### Task item
Exercise in exact copying: restate word for word only the lines below from the one containing "Ivory Lace Baby" through the one containing "Ahead of his", omitting any pictures.

### Input data
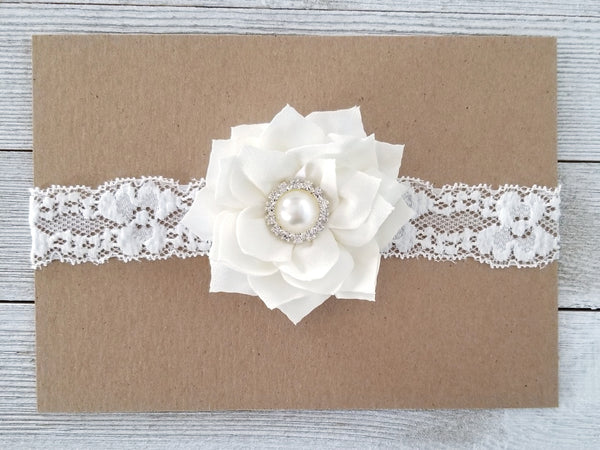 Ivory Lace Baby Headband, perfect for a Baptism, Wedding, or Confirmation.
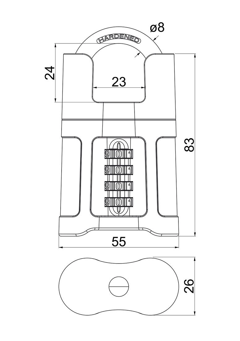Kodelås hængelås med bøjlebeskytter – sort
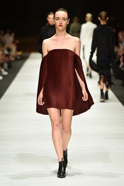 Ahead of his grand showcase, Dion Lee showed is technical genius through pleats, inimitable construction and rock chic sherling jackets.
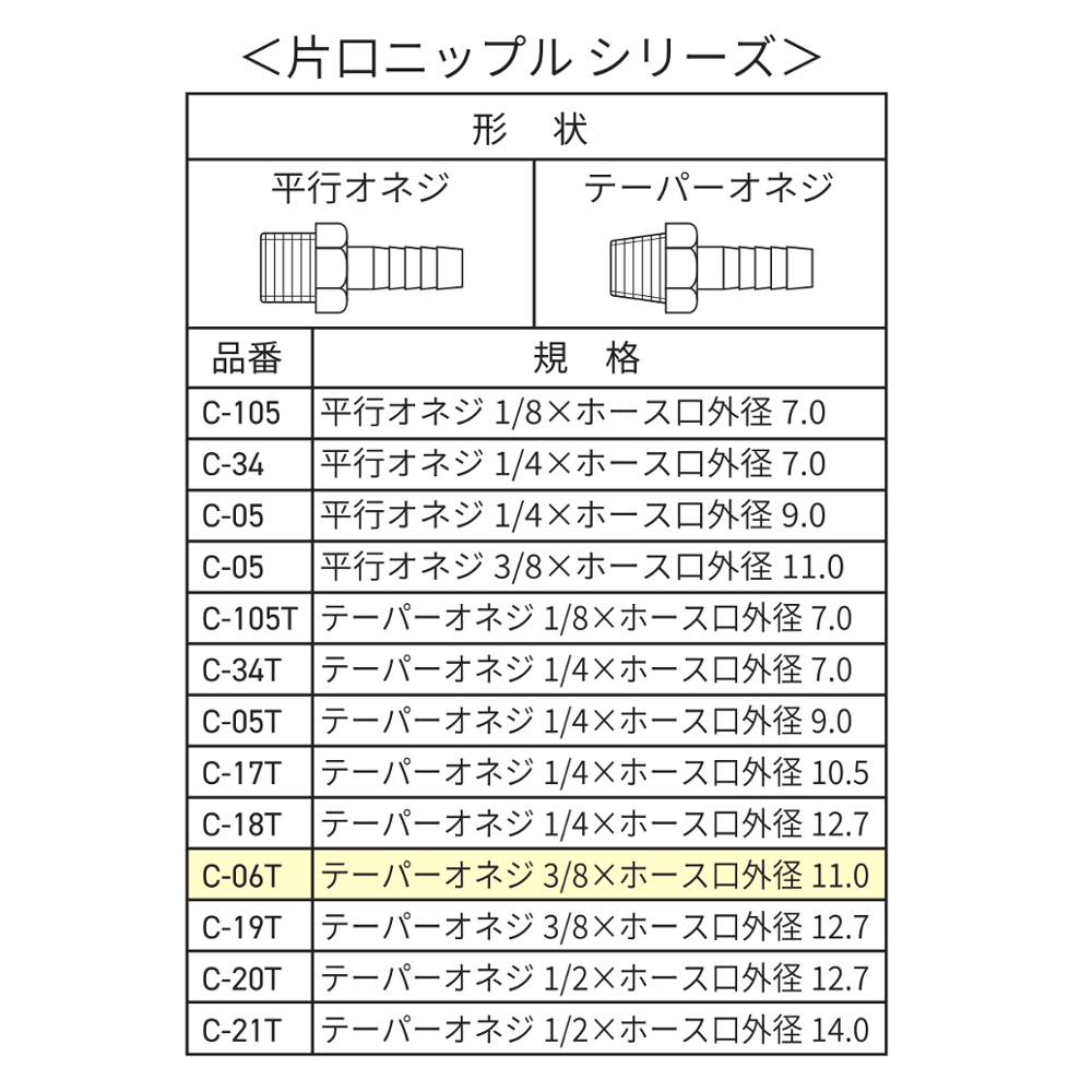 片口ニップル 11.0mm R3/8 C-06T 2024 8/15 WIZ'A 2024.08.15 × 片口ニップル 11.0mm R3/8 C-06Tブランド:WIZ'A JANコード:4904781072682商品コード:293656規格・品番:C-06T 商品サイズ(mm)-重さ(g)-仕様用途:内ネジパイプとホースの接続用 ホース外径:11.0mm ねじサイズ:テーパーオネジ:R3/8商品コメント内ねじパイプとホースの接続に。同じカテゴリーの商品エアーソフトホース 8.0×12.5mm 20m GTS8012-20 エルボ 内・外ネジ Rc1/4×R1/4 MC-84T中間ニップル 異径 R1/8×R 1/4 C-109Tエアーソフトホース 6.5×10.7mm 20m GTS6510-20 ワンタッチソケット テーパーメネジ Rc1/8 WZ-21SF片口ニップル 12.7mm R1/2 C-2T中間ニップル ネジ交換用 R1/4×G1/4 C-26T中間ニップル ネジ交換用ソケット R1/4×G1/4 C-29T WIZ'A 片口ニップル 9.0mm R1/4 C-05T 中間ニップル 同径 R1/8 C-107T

==

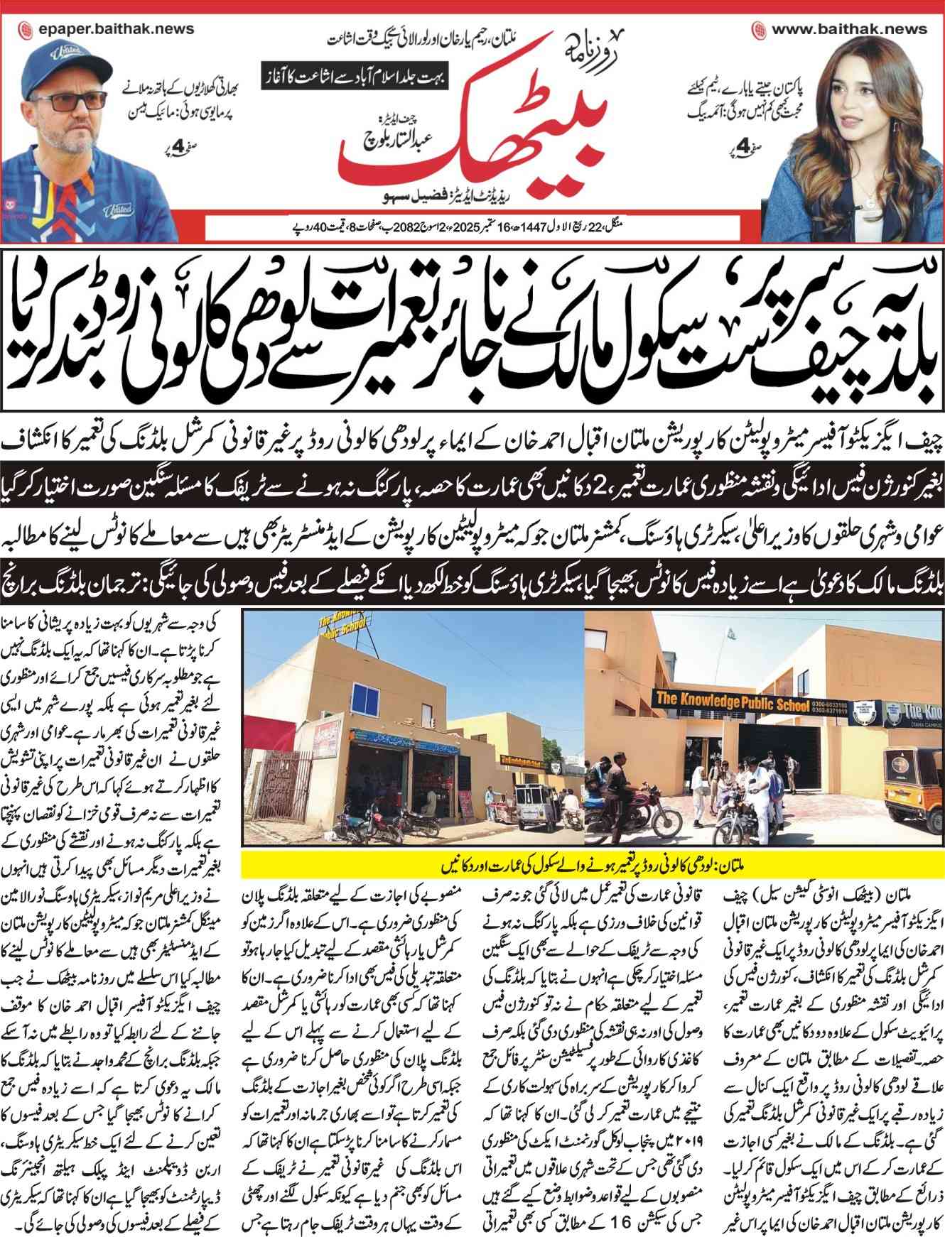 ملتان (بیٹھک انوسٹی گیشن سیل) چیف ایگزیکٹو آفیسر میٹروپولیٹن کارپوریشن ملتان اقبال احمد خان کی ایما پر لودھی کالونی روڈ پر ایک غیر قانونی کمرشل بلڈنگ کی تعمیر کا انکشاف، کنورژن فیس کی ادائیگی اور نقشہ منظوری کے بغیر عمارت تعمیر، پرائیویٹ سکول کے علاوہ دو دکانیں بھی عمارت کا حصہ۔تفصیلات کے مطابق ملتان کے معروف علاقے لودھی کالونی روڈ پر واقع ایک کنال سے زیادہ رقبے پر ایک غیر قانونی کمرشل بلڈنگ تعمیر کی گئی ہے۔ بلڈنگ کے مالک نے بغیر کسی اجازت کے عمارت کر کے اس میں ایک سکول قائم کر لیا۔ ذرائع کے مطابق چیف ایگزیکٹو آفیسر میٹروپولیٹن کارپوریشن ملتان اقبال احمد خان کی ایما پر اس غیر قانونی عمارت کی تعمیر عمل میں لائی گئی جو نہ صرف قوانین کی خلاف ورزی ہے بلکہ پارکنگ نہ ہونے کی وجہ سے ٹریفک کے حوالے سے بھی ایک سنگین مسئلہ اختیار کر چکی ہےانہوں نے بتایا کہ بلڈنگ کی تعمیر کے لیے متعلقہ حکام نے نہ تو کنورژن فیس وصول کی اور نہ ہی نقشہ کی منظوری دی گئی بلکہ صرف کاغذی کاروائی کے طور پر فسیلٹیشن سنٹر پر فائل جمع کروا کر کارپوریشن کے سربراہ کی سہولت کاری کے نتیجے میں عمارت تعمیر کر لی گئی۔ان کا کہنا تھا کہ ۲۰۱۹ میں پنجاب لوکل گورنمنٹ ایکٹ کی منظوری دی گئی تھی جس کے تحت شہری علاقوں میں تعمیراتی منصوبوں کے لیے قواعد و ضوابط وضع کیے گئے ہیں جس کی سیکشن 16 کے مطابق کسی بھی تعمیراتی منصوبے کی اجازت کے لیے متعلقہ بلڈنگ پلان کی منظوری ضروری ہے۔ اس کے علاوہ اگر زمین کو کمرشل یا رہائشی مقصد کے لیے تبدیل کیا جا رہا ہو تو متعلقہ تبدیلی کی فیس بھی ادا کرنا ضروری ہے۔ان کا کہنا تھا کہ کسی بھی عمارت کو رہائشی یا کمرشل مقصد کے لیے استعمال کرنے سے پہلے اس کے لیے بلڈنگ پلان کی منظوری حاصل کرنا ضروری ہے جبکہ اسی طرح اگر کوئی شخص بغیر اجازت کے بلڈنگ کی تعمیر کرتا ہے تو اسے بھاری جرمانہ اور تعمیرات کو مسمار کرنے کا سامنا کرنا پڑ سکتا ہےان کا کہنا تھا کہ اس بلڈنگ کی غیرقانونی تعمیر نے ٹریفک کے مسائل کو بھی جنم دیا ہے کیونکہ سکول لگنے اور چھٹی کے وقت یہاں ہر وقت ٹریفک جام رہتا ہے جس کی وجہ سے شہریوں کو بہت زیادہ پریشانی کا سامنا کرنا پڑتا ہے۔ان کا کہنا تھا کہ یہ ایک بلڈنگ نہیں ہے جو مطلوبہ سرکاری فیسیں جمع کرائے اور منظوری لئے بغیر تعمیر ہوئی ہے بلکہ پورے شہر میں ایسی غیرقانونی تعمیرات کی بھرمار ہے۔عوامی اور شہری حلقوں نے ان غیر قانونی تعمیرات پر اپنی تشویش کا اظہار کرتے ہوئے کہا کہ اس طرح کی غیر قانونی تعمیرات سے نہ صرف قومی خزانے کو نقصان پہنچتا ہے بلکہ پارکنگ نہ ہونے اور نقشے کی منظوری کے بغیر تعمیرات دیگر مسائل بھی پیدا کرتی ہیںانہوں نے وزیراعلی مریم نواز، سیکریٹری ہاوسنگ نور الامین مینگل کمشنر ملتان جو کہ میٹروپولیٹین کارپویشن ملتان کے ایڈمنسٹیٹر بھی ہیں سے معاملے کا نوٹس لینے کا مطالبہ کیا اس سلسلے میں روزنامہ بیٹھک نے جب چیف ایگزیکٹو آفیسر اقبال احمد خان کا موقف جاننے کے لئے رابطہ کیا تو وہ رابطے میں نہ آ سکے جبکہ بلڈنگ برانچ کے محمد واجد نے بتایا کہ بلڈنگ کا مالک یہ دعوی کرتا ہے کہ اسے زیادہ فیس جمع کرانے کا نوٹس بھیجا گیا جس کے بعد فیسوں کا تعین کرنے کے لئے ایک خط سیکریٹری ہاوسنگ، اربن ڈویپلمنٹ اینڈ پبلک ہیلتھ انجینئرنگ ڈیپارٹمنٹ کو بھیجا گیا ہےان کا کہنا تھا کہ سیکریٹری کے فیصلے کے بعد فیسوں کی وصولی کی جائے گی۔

### Exercise response
 Ivory Lace Baby Headband, perfect for a Baptism, Wedding, or Confirmation.
Kodelås hængelås med bøjlebeskytter – sort
 Ahead of his grand showcase, Dion Lee showed is technical genius through pleats, inimitable construction and rock chic sherling jackets.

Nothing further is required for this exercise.